The heat remained on Angela Rayner, as weeks of Guido’s relentless coverage of her murky living situation finally forced the mainstream press to take notice. Labour scrambled, pulling 21 Facebook ads featuring the then Shadow Deputy Leader, while Greater Manchester Police announced they were investigating her for numerous allegations including tax and electoral issues. The story continued to rumble…
Labour stubbornly refused to release documents that could clarify which house Rayner was living in, though even her loyal colleagues found it tricky to defend her sticky situation: Cooper struggled to defend her tax hypocrisy, Starmer couldn’t support Rayner 100% and Lammy’s strongest argument was that it was “different” because Labour wasn’t in government yet. Rayner then began briefing that no capital gains tax was owed because she had “renovated” her kitchen. Guido tracked down pictures of the so-called renovation — a modest job that hardly looked expensive enough to erase a capital gains bill. The numbers didn’t add up…
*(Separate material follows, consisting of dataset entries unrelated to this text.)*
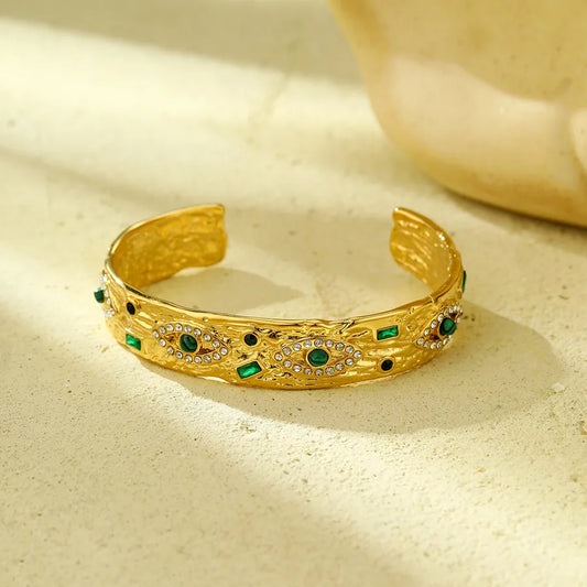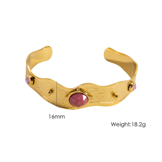 Wide Face Open Stainless Steel 18K Gold Plated Bracelet Elegant Luxury Female Style Artistic Drop Pattern Agate Embedded Casual Street Snap Selfie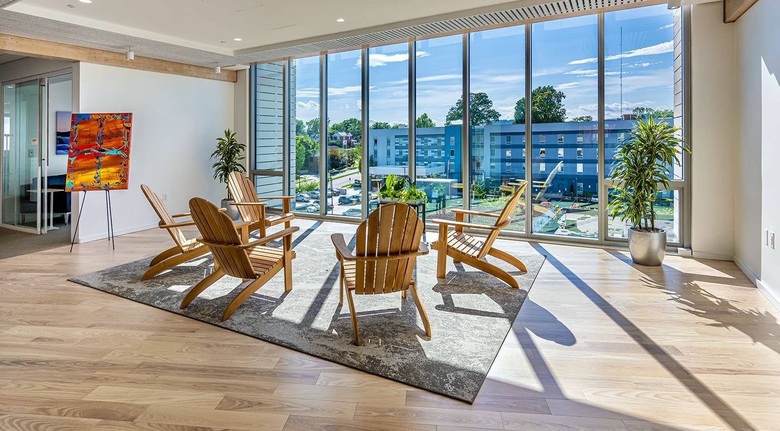 At Apex Plaza there are many small gathering spaces for coworkers to meet, but this one sits next to floor to ceiling windows bringing in the natural sunlight.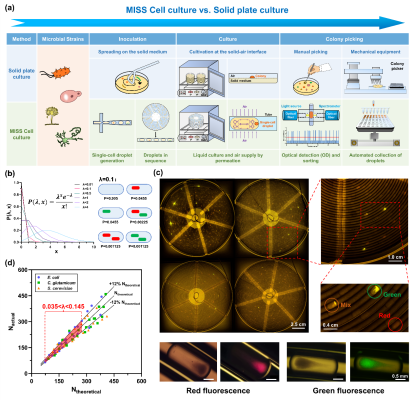 图2 MISS Cell中单克隆培养和分选的操作流程和验证结果。(a)固体平板方法和MISS Cell培方法的操作流程比较;(b)单细胞液滴生成的原理和双色荧光菌体系验证原理;(c)使用红色和绿色荧光标记的大肠杆菌的验证结果,λ=0.086;(d)使用大肠杆菌、谷氨酸棒杆菌和酿酒酵母进行验证的结果汇总。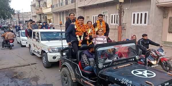 ऑल इण्डिया बॉल बैडमिन्टन महासंघ के संरक्षक जय प्रकाश व्यास ने बताया कि बीकानेर के इन तीनों खिलाड़ियाें का सभी बीकानेर वासियों एवं खिलाड़ियाें द्वारा बीकानेर रेल्वे स्टेशन से एल.एम. स्पोर्टस कॉम्पलेक्स तक उनका धूमधाम से बैंडबाजे के साथ स्वागत किया गया।
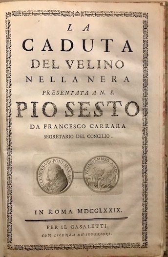 4to (cm. 28), XXIV pp. Frontespizio entro cornice tipografica con vignetta calcografica raffigurante papa Clemente VIII. Due grandi illustrazioni n.t. ed una tav. ripiegata in fine. Legatura recente con ds. in carta pergamenata e piatti marmorizzati. Tagli rossi. Ottimo esemplare, assai fresco. Dettagliata descrizione storico-topografica della Cascata delle Marmore. Lozzi, 5828.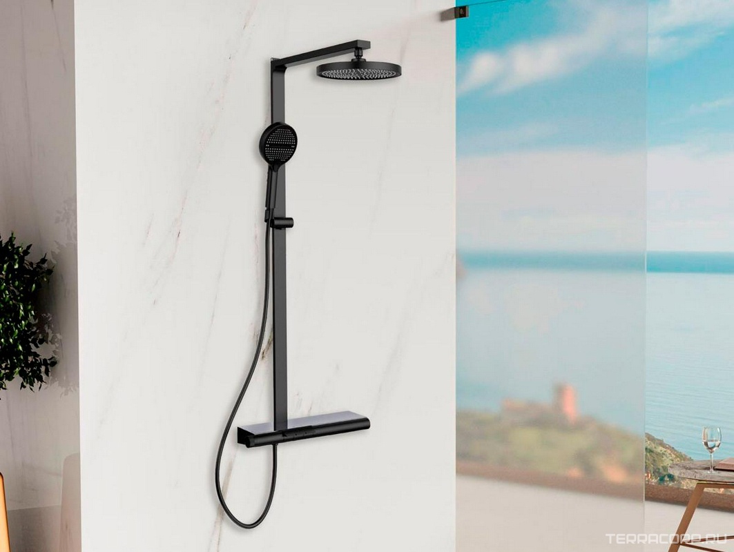 Смеситель для ванны (душа), со стационарным верхн.душем 26см., душевая лейка, шланг в компл., (цв.черный матовый), Aspire ZZ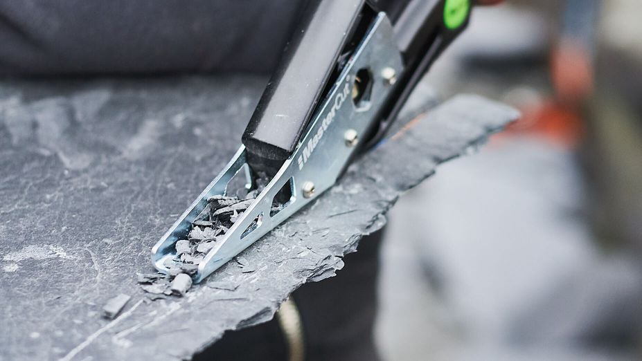 für alle Naturschiefer und Faserzementplatten bis zu einer Stärke von 6 mm, ob oben oder unten schneiden, die Bruchkante ist Richtigrum und alles im Blick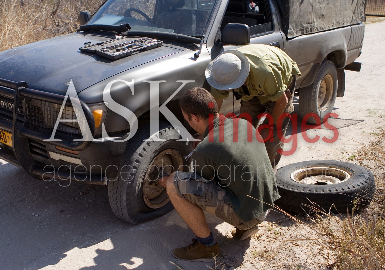 | Description | Volonteers trying to repare a flat wheel in the bush of the Hwange Park *** Des volontaires essayant de reparer une roue crevee au milieu du park Hwange |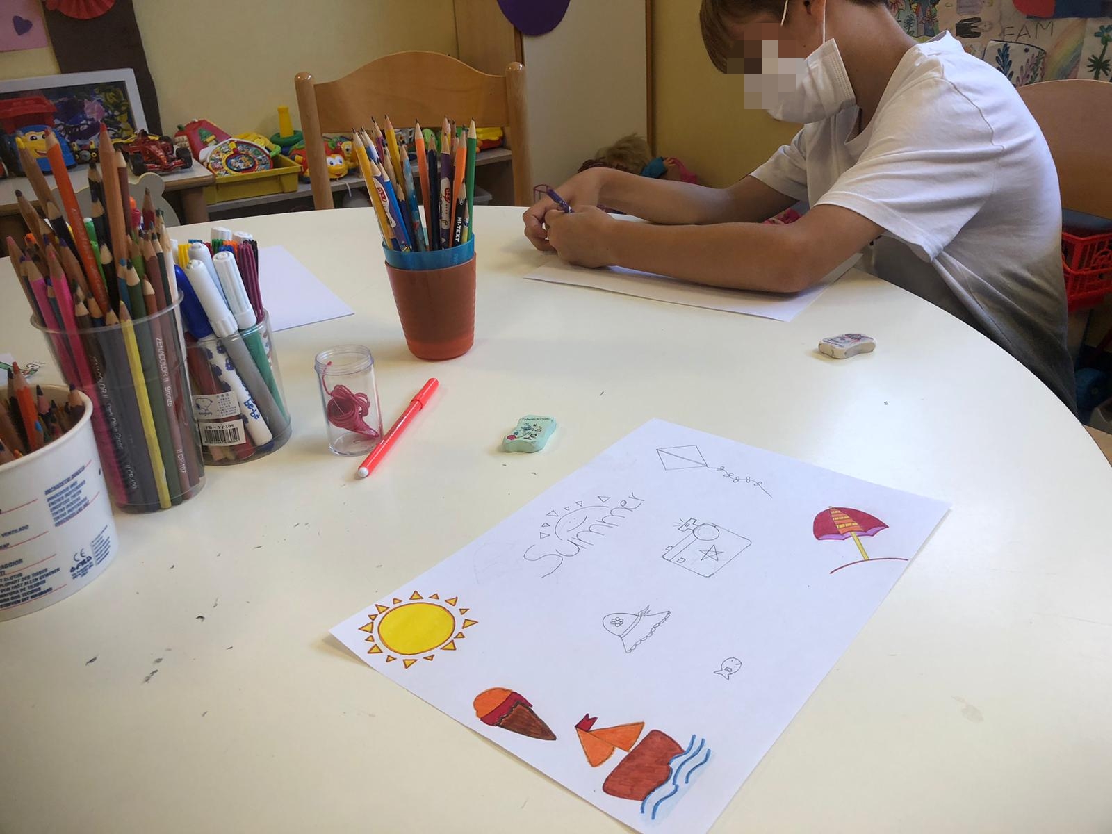 Virginia e Valentina si sono recata al Day Hospital di Ematologia del Policlinico Umberto I dove hanno fatto dei disegni a tema mare.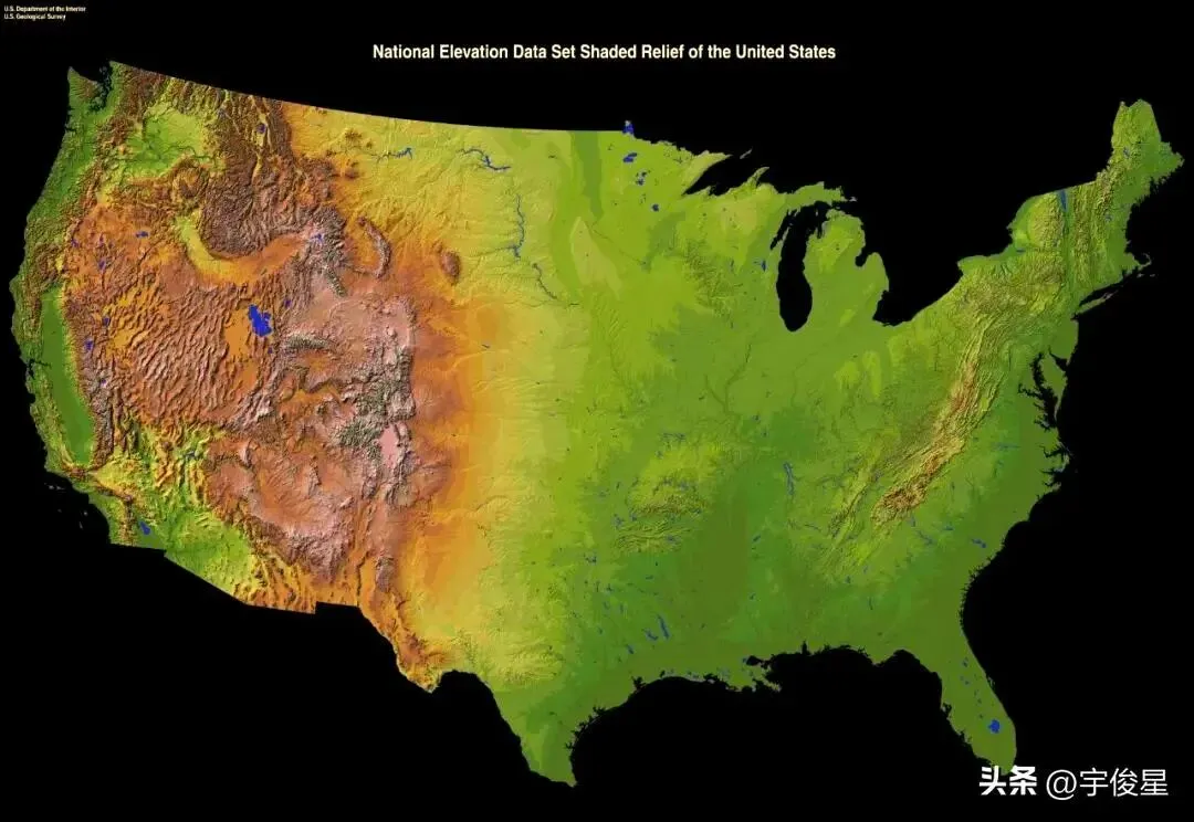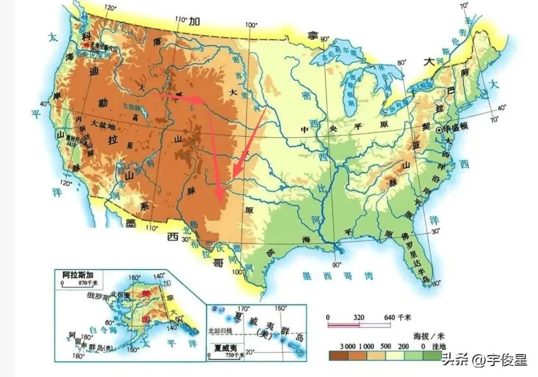 美国的地势,大部分缺水的地区在海拔较高处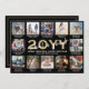 Tarjeta Festiva Script What a Year! 12 Photo Collage Black & Gold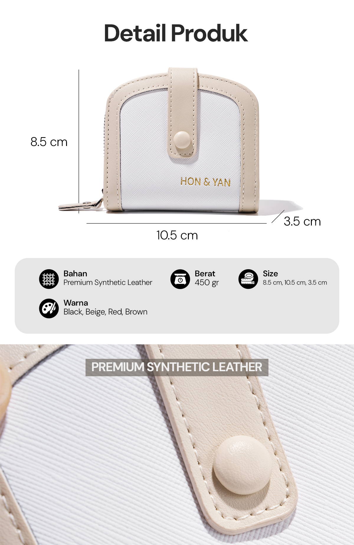Material : Synthetic Leather berkualitas tinggi untuk tampilan yang stylish dan daya tahan yang baik.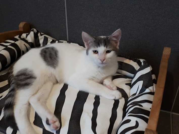 Devinez pourquoi je m’appelle Caresse ? C’est bien moi le cœur sur pattes que vous désirez tant. Ma belle fourrure blanche avec mon casque et ma queue grise vont vous séduire. Je suis une minette de type Européen, née le 3 août 2021.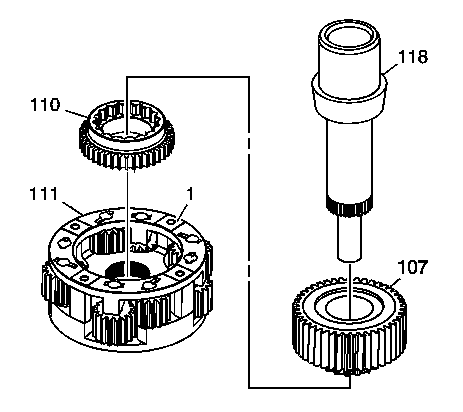 10. Important: The input shaft (118) must be installed to the carrier (111) with the raised bosses (1) facing up and the thrust washer groove facing down. Reversing this will cause the wrong torque split of 60/40, in some models.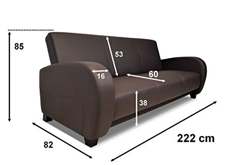 Echtleder 3-er Couch „Mediolan“ 222 cm aufklappbar mit Schlaffunktion 113cm x 190cm und Bettkasten , hergestellt aus dunkelbraun Echtleder „MDR Dark Brown“ mit Nähten in Lederfarbe und mit dunklen Buchenholzbeinen.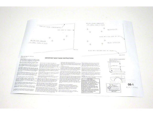 When you decide to install new emblems and body moldings to the sheet metal of your 1968 Chevrolet Camaro, it can be daunting to get started. You want an exact fit on your Super Sport, but you might lack the proper materials. Rick's Camaros is happy to be your solution, by offering the best emblem and body template kits for your F-Body. These easy to use full-size digitally rendered emblem placement templates will exactly locate all body, fender,hood, header, and trunk lid emblem holes quickly and professionally. We also offer templates for lower body moldings, rear quarter panel louvers, backup lamps, antenna hole placement, sidemarker locations, and fenderwells. Don't spend another moment agonizing on how to best apply your new emblems or body components. Make the job easy! Trust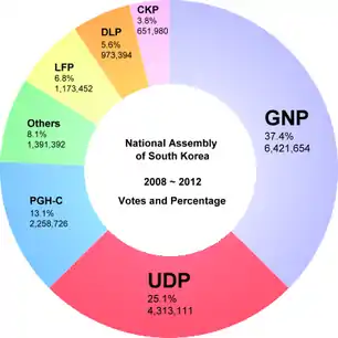 Legislative elections were held in South Korea on April 9, 2008.[1] The conservative Grand National Party won 153 of 299 seats while the main opposition United Democratic Party won 81 seats.[2] This election marked the lowest-ever voter turnout of 46.0%.[3]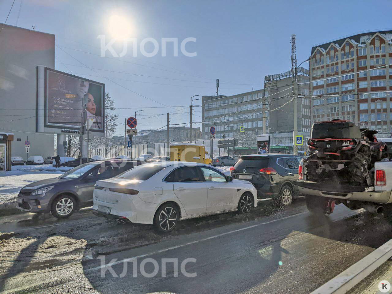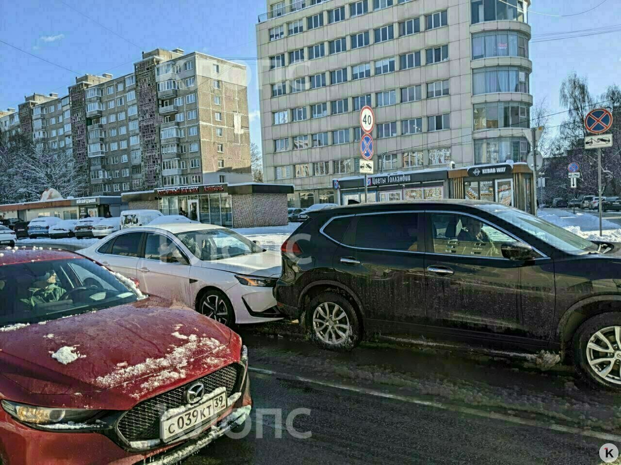 На улице Фрунзе в Калининграде столкнулись на скользкой дороге два автомобиля: белый седан Kaiyi въехал в задний бампер кроссоверу Nissan. Об этом «Клопс» сообщили очевидцы ДТП.

It was trouble in paradise north of the border as Humza Yousaf scrapped his governing deal with the Scottish Greens. The move came after the SNP ditched its own climate target to cut emissions by 75% by 2030—so much for saving the planet. The Scottish Tories and Labour seized the moment, tabling a no-confidence vote. Humza clung on, declaring he wouldn’t resign. Spoiler: he resigned. Just three days later, Yousaf threw in the towel, stepping down as First Minister after a staggering 397 days in office. Unsurprisingly, Time Magazine didn’t come calling on Humza again for its next cover on “extraordinary leaders”…
The Tories couldn’t stay out of drama either. Tory MP William Wragg confessed he’d fallen victim to a honeytrap scammer on Grindr and had leaked personal phone numbers of several MPs. Those numbers, naturally, ended up being used in a phishing scandal. Another Tory MP Mark Menzies resigned following accusations that he used party money to pay off “bad people” in a hostage situation. Colleagues weren’t exactly sympathetic for the either of the now former MPs. Politics is a dirty game…
Over in Brussels, Nigel Farage and Suella Braverman turned up for the National Conservatism Conference. The Socialist mayor wasn’t having it, ordering police to swoop in and shut it down “to guarantee public safety,” claiming the “far right is not welcome.” The police dutifully obliged, shutting the event down early. Proving Nigel’s point about free speech…
Honourable Mentions:
Headline of the Month: Beeb Slammed for Spaffing £3.2 Million on Left Biased BBC Verify
Paula Barker, Liverpool Wavertree MP backing Andy Burnham, told Times Radio there wouldn’t be trouble from the markets under Burnham:
“The markets will have to fall in line.”